** Opening The data block **
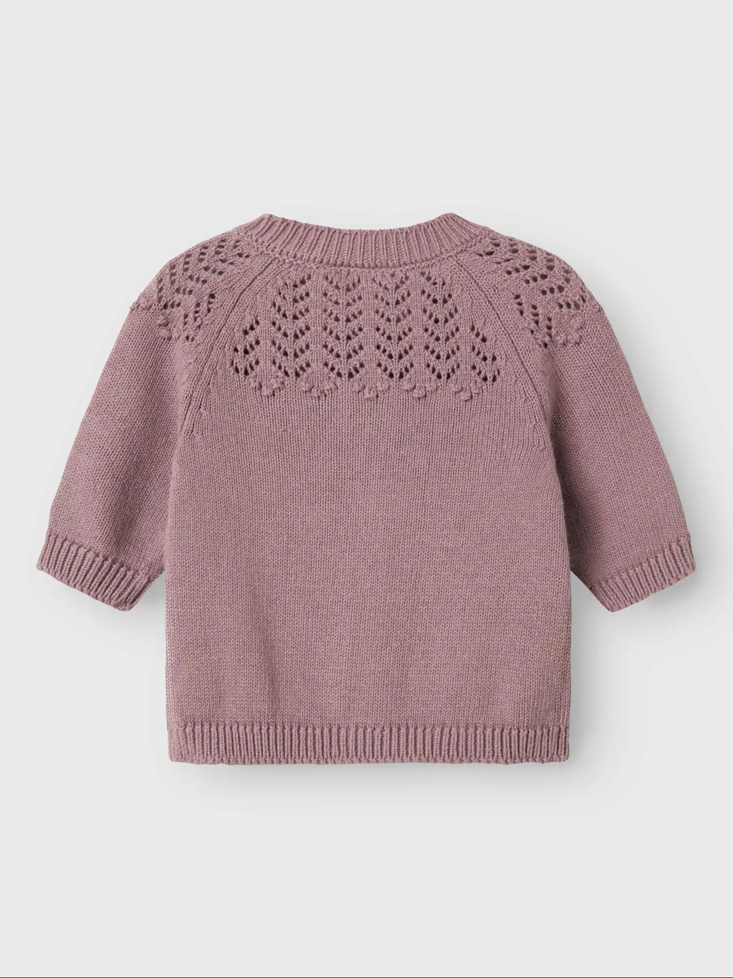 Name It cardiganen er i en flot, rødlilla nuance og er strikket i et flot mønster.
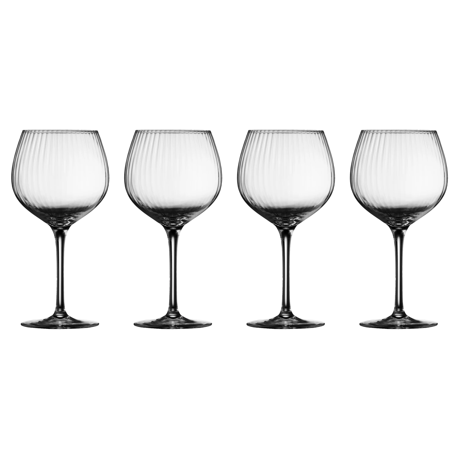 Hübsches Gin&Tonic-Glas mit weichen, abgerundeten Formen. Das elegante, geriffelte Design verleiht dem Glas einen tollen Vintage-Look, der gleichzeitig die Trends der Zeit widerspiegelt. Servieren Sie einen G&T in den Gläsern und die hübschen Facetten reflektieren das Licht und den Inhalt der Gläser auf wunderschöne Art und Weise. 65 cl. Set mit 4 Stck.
** Closing The data block **
** Opening The data block **
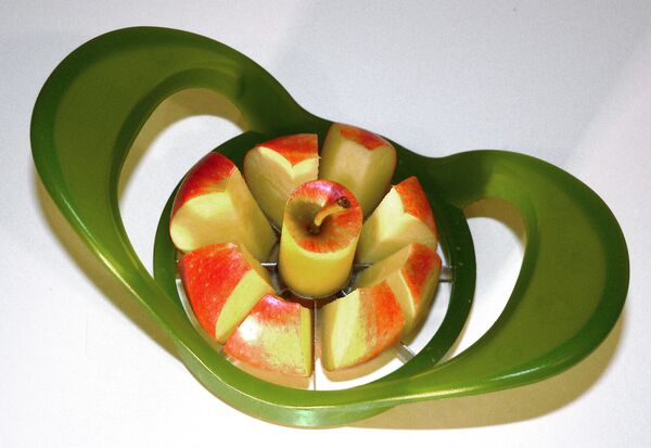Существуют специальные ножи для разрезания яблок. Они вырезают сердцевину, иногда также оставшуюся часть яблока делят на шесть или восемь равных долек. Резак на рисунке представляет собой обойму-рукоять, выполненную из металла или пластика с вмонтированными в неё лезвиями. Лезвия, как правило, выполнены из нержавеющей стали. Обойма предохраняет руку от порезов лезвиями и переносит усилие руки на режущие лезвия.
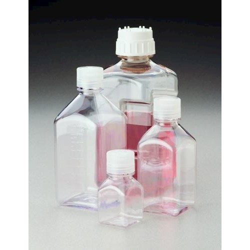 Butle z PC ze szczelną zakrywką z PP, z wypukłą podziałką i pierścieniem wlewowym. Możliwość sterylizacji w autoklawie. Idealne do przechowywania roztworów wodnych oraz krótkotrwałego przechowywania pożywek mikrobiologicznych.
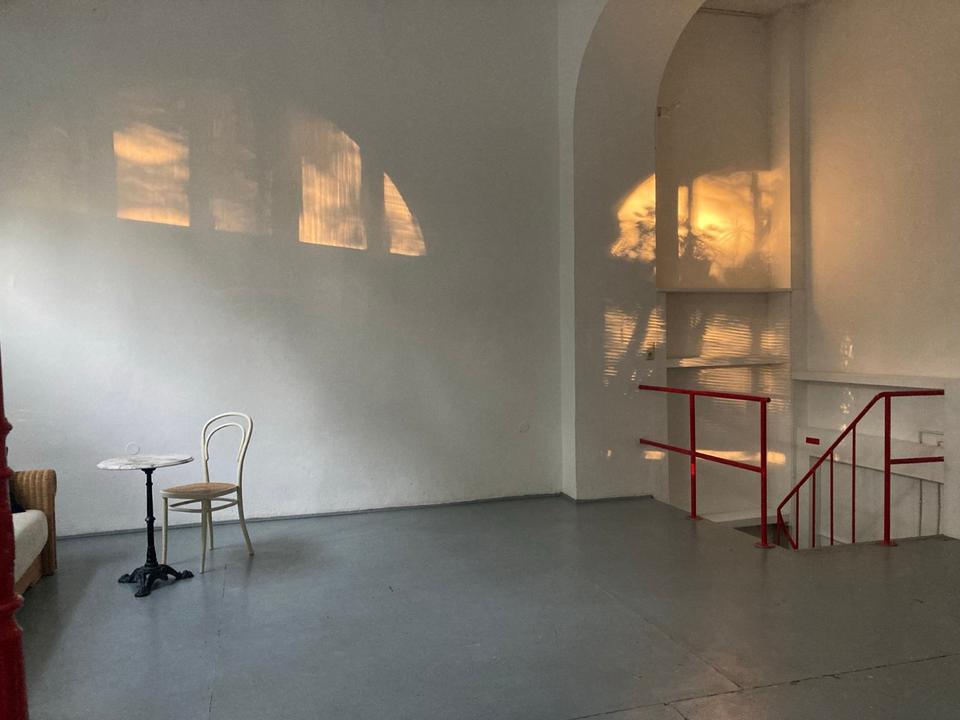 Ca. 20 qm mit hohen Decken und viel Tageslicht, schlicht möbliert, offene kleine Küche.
** Closing The data block **
** Opening The data block **
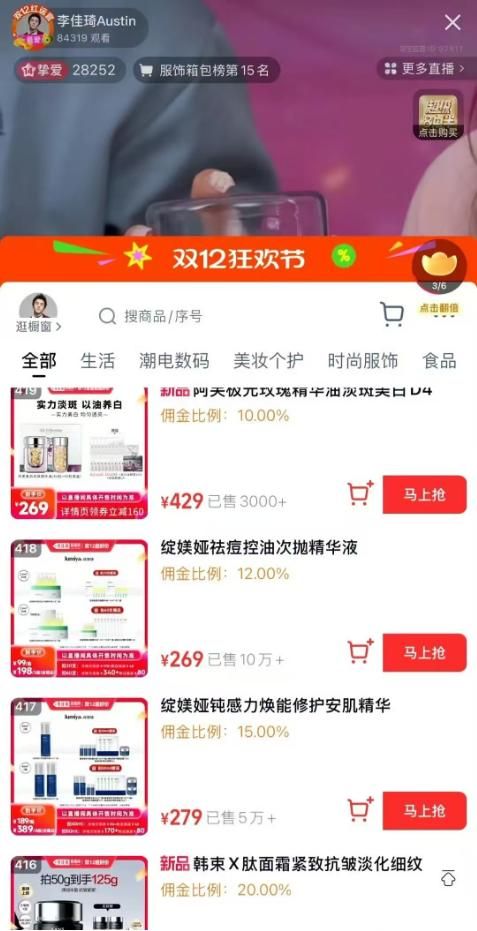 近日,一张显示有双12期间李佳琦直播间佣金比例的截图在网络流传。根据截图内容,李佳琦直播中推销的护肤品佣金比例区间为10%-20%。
** Closing The data block **
> [Task description] Leaving out each picture, repeat exactly the lines above from the one that contains "Name It cardiganen" through the one that contains "Hübsches Gin&Tonic-Glas mit".

> [Exercise solution]
 Name It cardiganen er i en flot, rødlilla nuance og er strikket i et flot mønster.
 Hübsches Gin&Tonic-Glas mit weichen, abgerundeten Formen. Das elegante, geriffelte Design verleiht dem Glas einen tollen Vintage-Look, der gleichzeitig die Trends der Zeit widerspiegelt. Servieren Sie einen G&T in den Gläsern und die hübschen Facetten reflektieren das Licht und den Inhalt der Gläser auf wunderschöne Art und Weise. 65 cl. Set mit 4 Stck.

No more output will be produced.